WORK TO COMPLETE:
Leaving the pictures out, print the lines from the first line of the listing through the line containing "今日の学習教室の第2部では、", exactly as they read, and no others.

*** Block opens ***

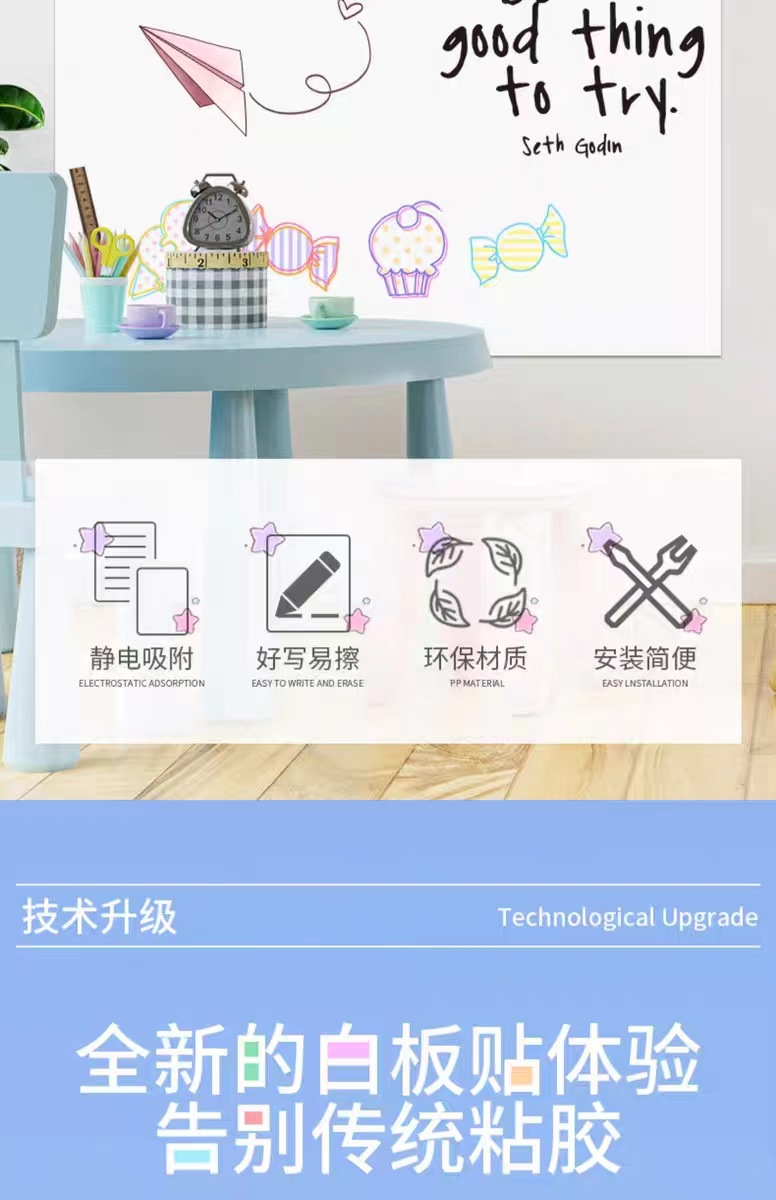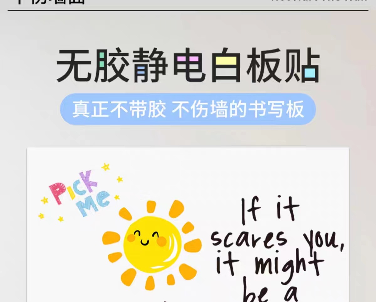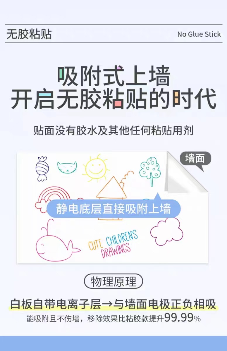 买就送(配无痕贴+小刀+白板笔+毛巾)【真静电吸附!不伤墙】静电白板墙贴可移除擦写不伤墙家用儿童房卧室涂鸦画画写字板贴纸。hb
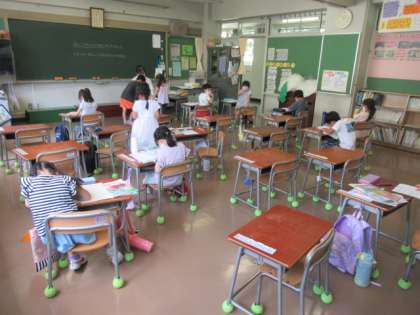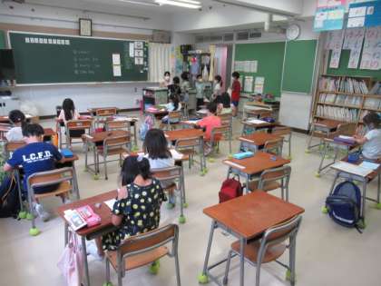 今日の学習教室の第2部では、1年生が自分の教室で、国語や算数の復習などの学習に、一生懸命取り組んでいました。
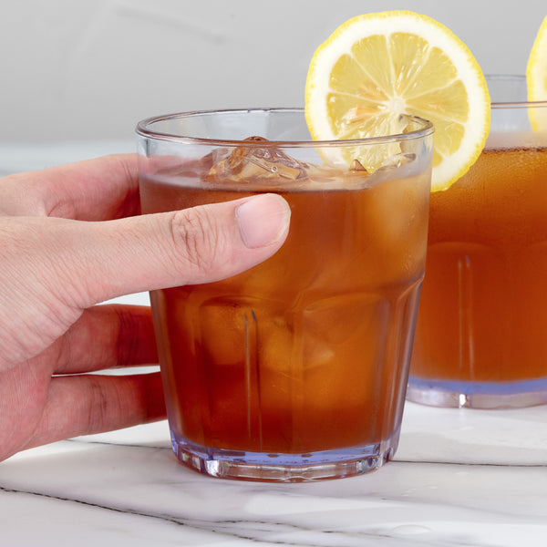 Serve customers' drink orders using our Bev Tek 12-ounce Round Clear Plastic Tumblers. These plastic tumblers are inherently durable, allowing you to serve beverages without worrying about the tumblers shattering. Featuring a paneled design, these clear plastic tumbler glasses seamlessly display your colorful smoothies or fresh juices and add a sophisticated touch to every order. These tumblers are dishwasher-safe and recyclable, providing your staff with a simple way to clean tumblers or customers an eco-friendly way to dispose of cups after use. With anti-jam locking tabs, these stackable 12-ounce tumblers offer you a hassle-free way to separate tumblers and streamline your drink preparation process. Containing up to 12 ounces, these tumbler drinking glasses measure 3.5 inches in diameter by 4 inches in height. Sold in a 10 count box.
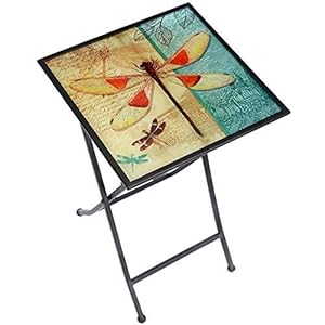 CEDAR HOME Side Table Outdoor Garden Patio Metal Accent Desk with Square Hand Painted Glass, Dragonfly
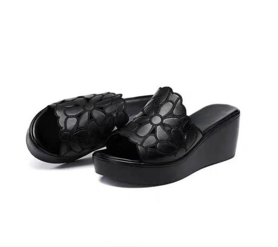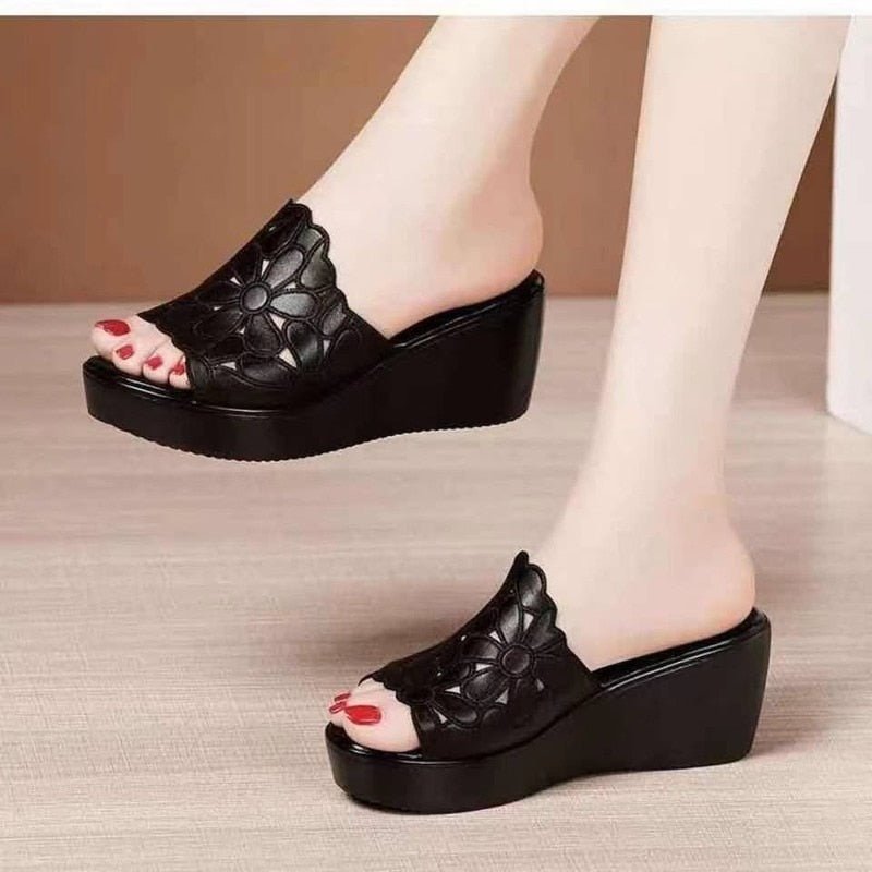 Summer wedges Sandals Thick Bottom High Heel Waterproof hollow flowers Platform Slippers Fashion women shoes heels slippers
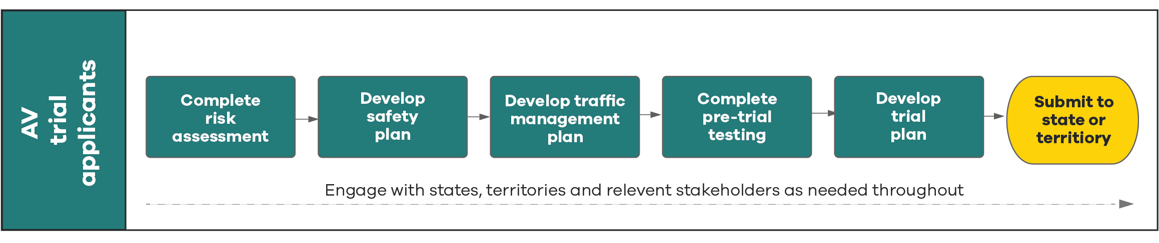 Keep in contact with the state or territory road transport agency as you complete the below steps. You may also work with additional stakeholders, for example your technology or research partners.
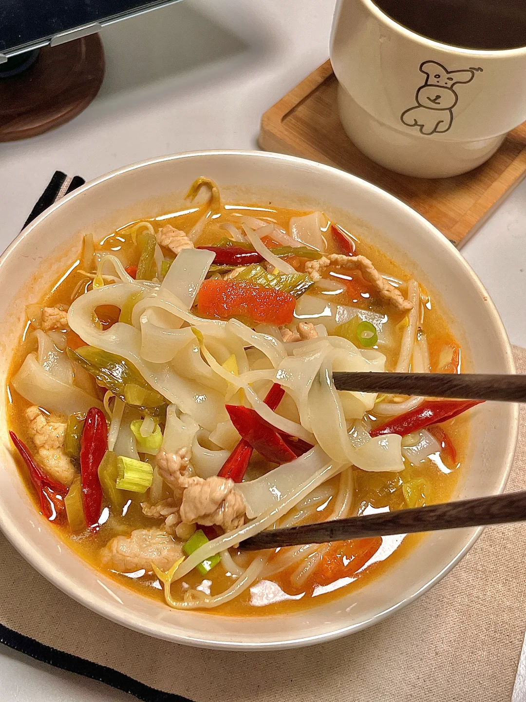 🍴今日份一人食 酸菜肉丝河粉 美式 . 一定要试试这个酸菜肉丝河粉,真的巨好吃😋好吃到连汤都要喝光光[赞R]酸辣开胃 谁做谁好吃😋太香啦~爱吃的宝快去试试呀✌🏻
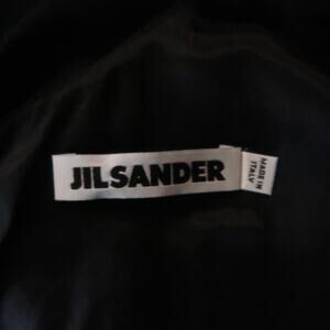 JIL SANDER shift dress comes in black crepe with a V neck, and back slit cutouts. Made in Italy.
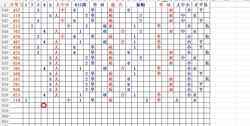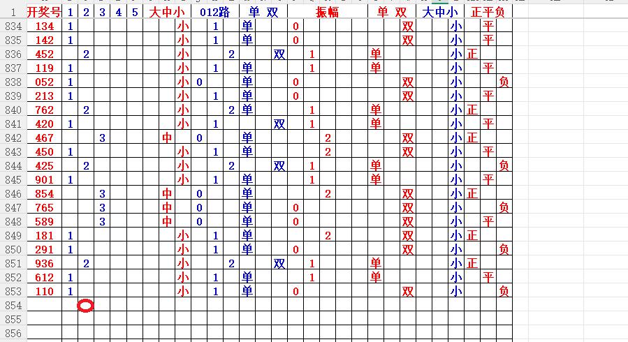 如上图56,大中小分析,中号3456出胆码,最低1个胆码,重点34
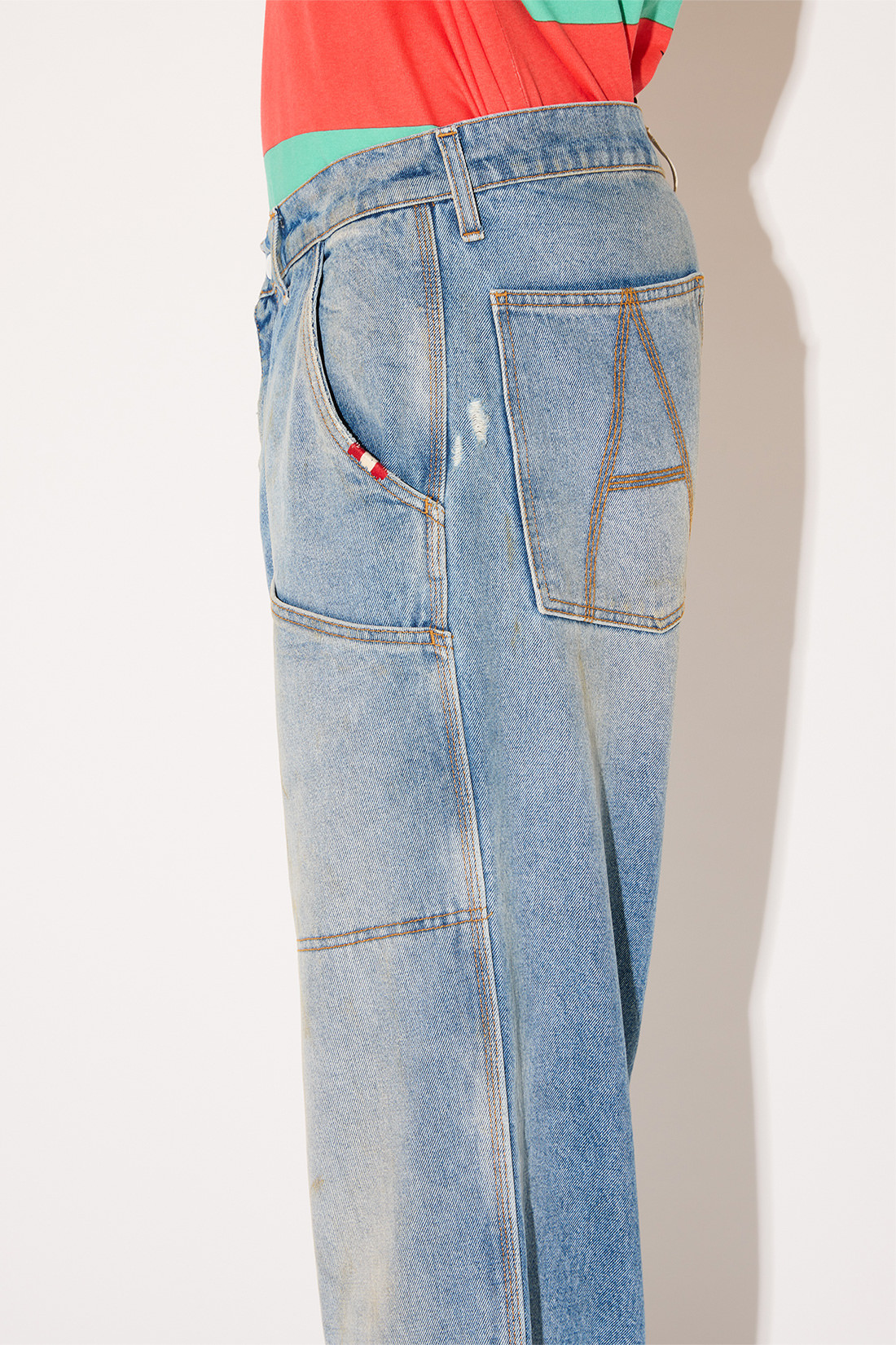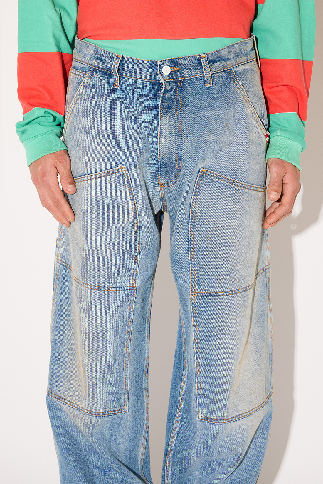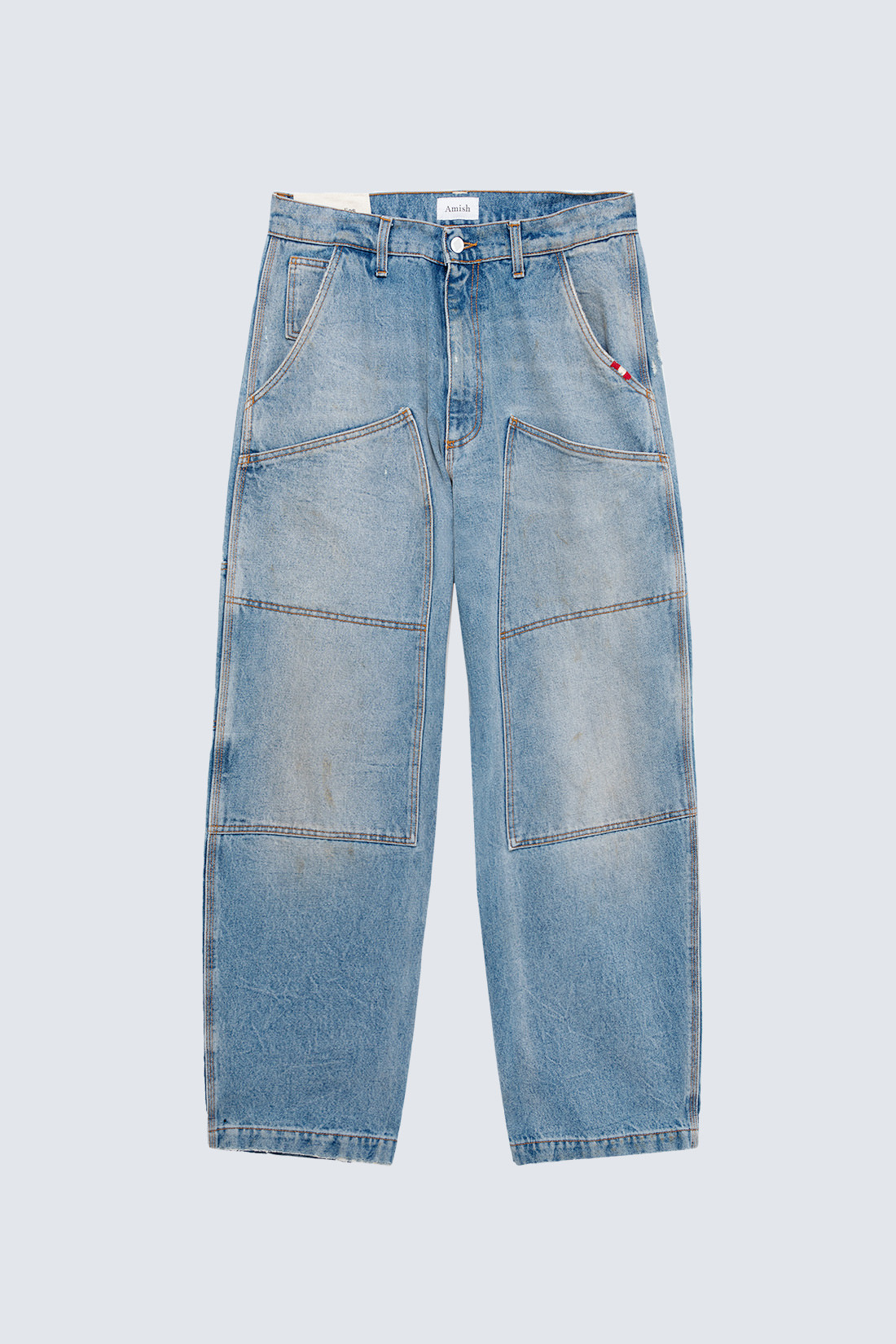 - Super knee Carpenter jeans in light wash denim with a slight used effect.

*** Block closes ***

YOUR RESPONSE:
 买就送(配无痕贴+小刀+白板笔+毛巾)【真静电吸附!不伤墙】静电白板墙贴可移除擦写不伤墙家用儿童房卧室涂鸦画画写字板贴纸。hb
 今日の学習教室の第2部では、1年生が自分の教室で、国語や算数の復習などの学習に、一生懸命取り組んでいました。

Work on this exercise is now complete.